§ WORK TO BE COMPLETED
Verbatim copy, pictures excluded: every line from the one with "안철수 국민의힘 당대표" through the final line of the data below, and no other line.

§ GIVEN INFORMATION
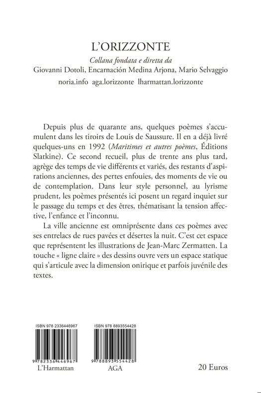 Depuis plus de quarante ans, quelques poèmes s’accumulent dans les tiroirs de Louis de Saussure. Il en a déjà livré quelques-uns en 1992 (Maritimes et autres poèmes, Éditions Slatkine). Ce second recueil, plus de trente ans plus tard, agrège des temps de vie différents et variés, des restants d’aspirations anciennes, des pertes enfouies, des moments de vie ou de contemplation. Dans leur style personnel, au lyrisme prudent, les poèmes présentés ici posent un regard inquiet sur le passage du temps et des êtres, thématisant la tension affective, l’enfance et l’inconnu. La ville ancienne est omniprésente dans ces poèmes avec ses entrelacs de rues pavées et désertes la nuit. C’est cet espace que représentent les illustrations de Jean-Marc Zermatten. La touche « ligne claire » des dessins ouvre vers un espace statique qui s’articule avec la dimension onirique et parfois juvénile des textes.
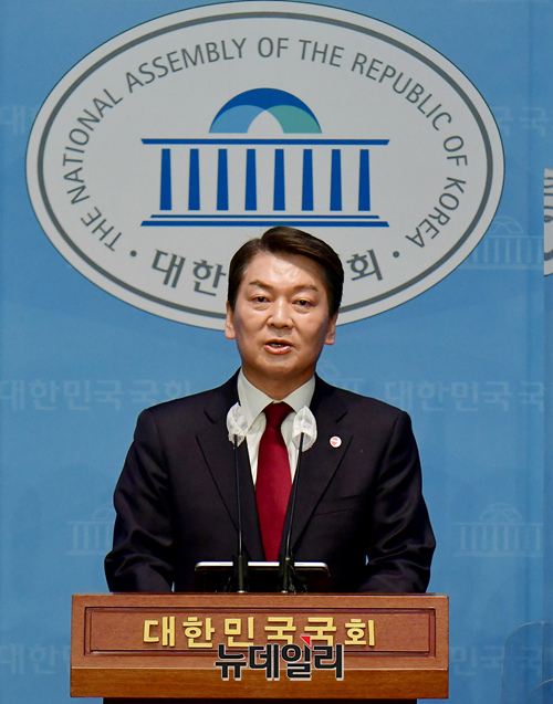 안철수 국민의힘 당대표 후보가 3일 오전 국회 소통관에서 단일화 1주년 성명 발표 기자회견을 갖고 있다.
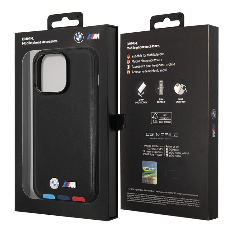 Чехол BMW PU Hot stamp tricolor Hard для iPhone 14 Pro Max, черный

§ RESPONSE FOR THIS EXERCISE
 안철수 국민의힘 당대표 후보가 3일 오전 국회 소통관에서 단일화 1주년 성명 발표 기자회견을 갖고 있다.
 Чехол BMW PU Hot stamp tricolor Hard для iPhone 14 Pro Max, черный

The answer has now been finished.